Step 7: SSH in with your user
ssh ducks@199.68.196.244
It worked. NixOS booted, networking was correct, SSH keys worked. No lockouts.
Deploying the Real Config
Now that NixOS is installed, time to deploy pond-nix:
# Clone your config
git clone https://git.jakegoldsborough.com/ducks/pond-nix.git
cd pond-nix
# Deploy it (automatically fetches hashes, copies files, and builds)
make install
The Makefile handles everything: fetching binary hashes for packages, copying
config files to /etc/nixos/, and running nixos-rebuild. One command builds
and activates all services: Gitea, GoatCounter, Woodpecker, Scrob, Caddy.
Everything starts declaratively.
If something breaks:
sudo nixos-rebuild switch --rollback
One command. Back to the previous working state.
Migrating the Data
With NixOS running and services configured, time to migrate data from the old server (burrow). I wrote a migration script to handle this:
# scripts/migrate-from-burrow.sh
#!/usr/bin/env bash
# 1. Stop services on pond (avoid database corruption)
ssh pond 'sudo systemctl stop scrob goatcounter-jg gitea'
# 2. Back up databases from burrow
ssh burrow 'sudo tar czf /tmp/goatcounter-backups.tar.gz /var/lib/goatcounter-*'
ssh burrow 'sudo tar czf /tmp/gitea-backup.tar.gz /var/lib/gitea'
ssh burrow 'sudo -u postgres pg_dump scrob | gzip > /tmp/scrob-db.sql.gz'
# 3. Copy to local machine (keep backups!)

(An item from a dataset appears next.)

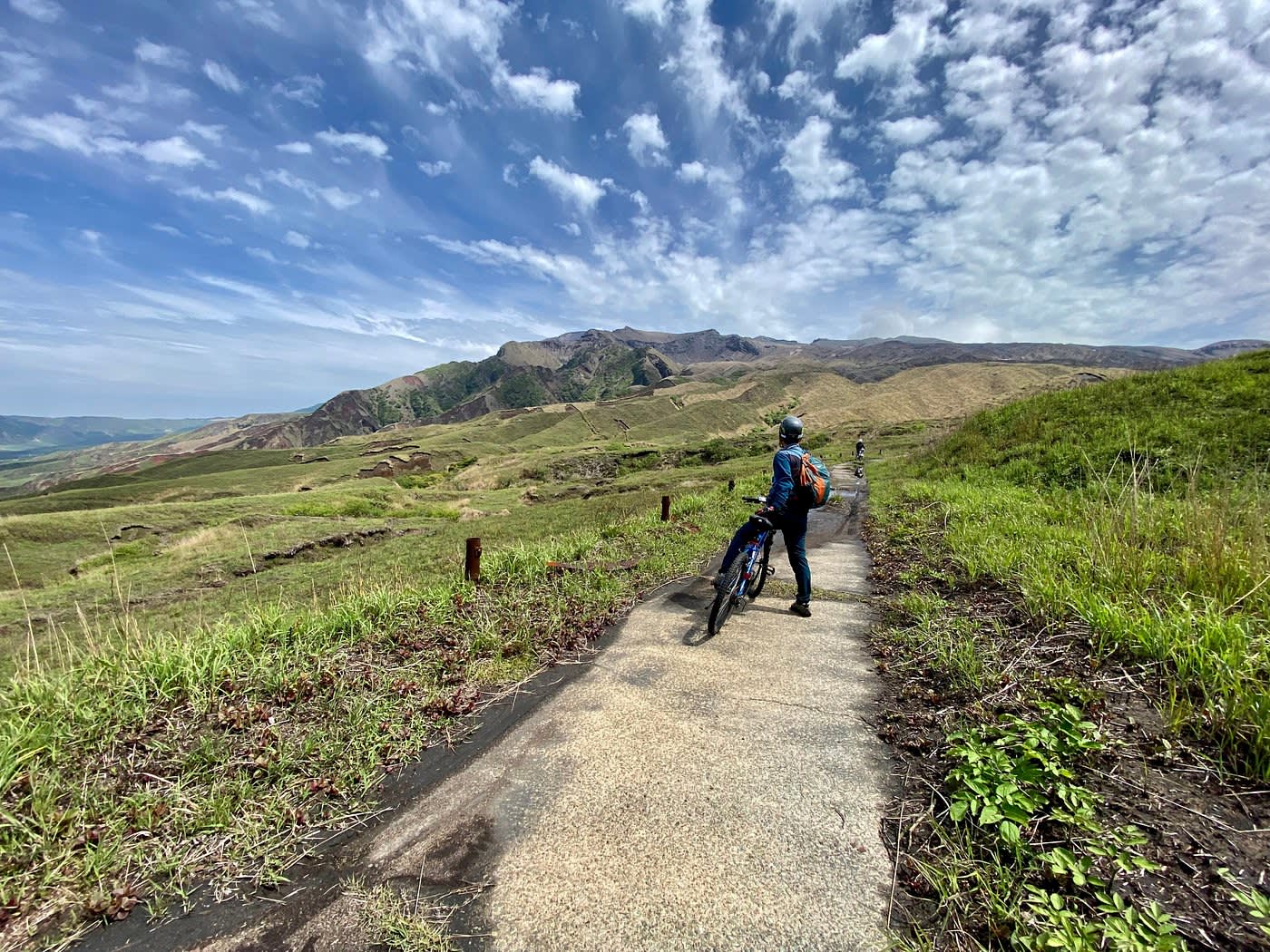 E-MTB(전동 어시스트 자전거)를 타고 아소 나카다케의 '천년 초원'을 둘러보세요 아소역(해발 약 500m)의 칼데라 바닥에서 출발하여 아소 나카다케 화구(해발 약 1,300m)까지 표고차 800m의 오르막 내리막 라이딩 코스입니다.

scp burrow:/tmp/*.tar.gz burrow:/tmp/*.sql.gz /tmp/backups/
# 4. Copy to pond and restore
scp /tmp/backups/* pond:/tmp/
ssh pond 'cd /tmp && sudo tar xzf goatcounter-backups.tar.gz -C /'
ssh pond 'cd /tmp && sudo tar xzf gitea-backup.tar.gz -C /'
ssh pond 'gunzip < /tmp/scrob-db.sql.gz | sudo -u postgres psql scrob'
# 5. Fix permissions
ssh pond 'sudo chown -R goatcounter:goatcounter /var/lib/goatcounter-*'
ssh pond 'sudo chown -R gitea:gitea /var/lib/gitea'
# 6. Start services
ssh pond 'sudo systemctl start goatcounter-jg gitea scrob'
Run it:
./scripts/migrate-from-burrow.sh
All data migrated: Git repositories, analytics databases, scrobble history. Everything preserved.
Updating DNS
Final step: point DNS to the new server. I use name.com's API:
# scripts/update-dns.sh
export NAMECOM_USERNAME="your_username"
export NAMECOM_TOKEN="your_api_token"
./scripts/update-dns.sh
The script updates specific service A records to pond's IP (199.68.196.244):
code.jakegoldsborough.com→ Giteaci.jakegoldsborough.com→ Woodpeckerstats.jakegoldsborough.com→ GoatCounterscrob.jakegoldsborough.com→ Scrob APIui.scrob.jakegoldsborough.com→ Scrob UIstats.date-ver.com→ GoatCounterstats.gnarlyvoid.com→ GoatCounter
DNS propagates in a few minutes. Test with dig:
dig code.jakegoldsborough.com +short
# 199.68.196.244
Once DNS updates, Caddy automatically provisions Let's Encrypt certificates for all domains. No manual cert management needed.
What Changed
Before (burrow-systemd): - 300+ lines of bash scripts - Manual version
checking - Special migration handling per service - "Text file busy" errors -
Download failures blocking other updates - || true everywhere
After (pond-nix): - Declarative config in Nix - nixos-rebuild switch --upgrade updates everything - Migrations run automatically (defined in service
modules) - Atomic updates - One command rollback
Service Updates
With systemd + bash:
sudo ./bin/update check # Check for updates
sudo ./bin/update apply # Apply them
# Hope nothing breaks
With NixOS:
cd pond-nix
git pull
make install
That's it. Pull the latest config, and the Makefile handles the rest: updating hashes, testing the config, and deploying atomically. If anything fails, the old generation still works.
The Tradeoff
NixOS has a learning curve. Nix expressions are different from bash scripts.
But once you understand it, everything clicks: - System is reproducible - Updates are atomic - Rollbacks are instant - Configuration is versioned in git
No more "it works on my machine". The configuration is the machine.
Was It Worth It?
My update script was approaching 500 lines with safe_download(), per-service
migration logic, and error handling for every edge case.
Now it's ~500 lines of readable Nix across multiple modules. But those lines are: - Declarative - Type-checked - Composable - Reproducible
The difference: With bash, I was writing procedures. With Nix, I'm declaring state.
That's real declarative infrastructure.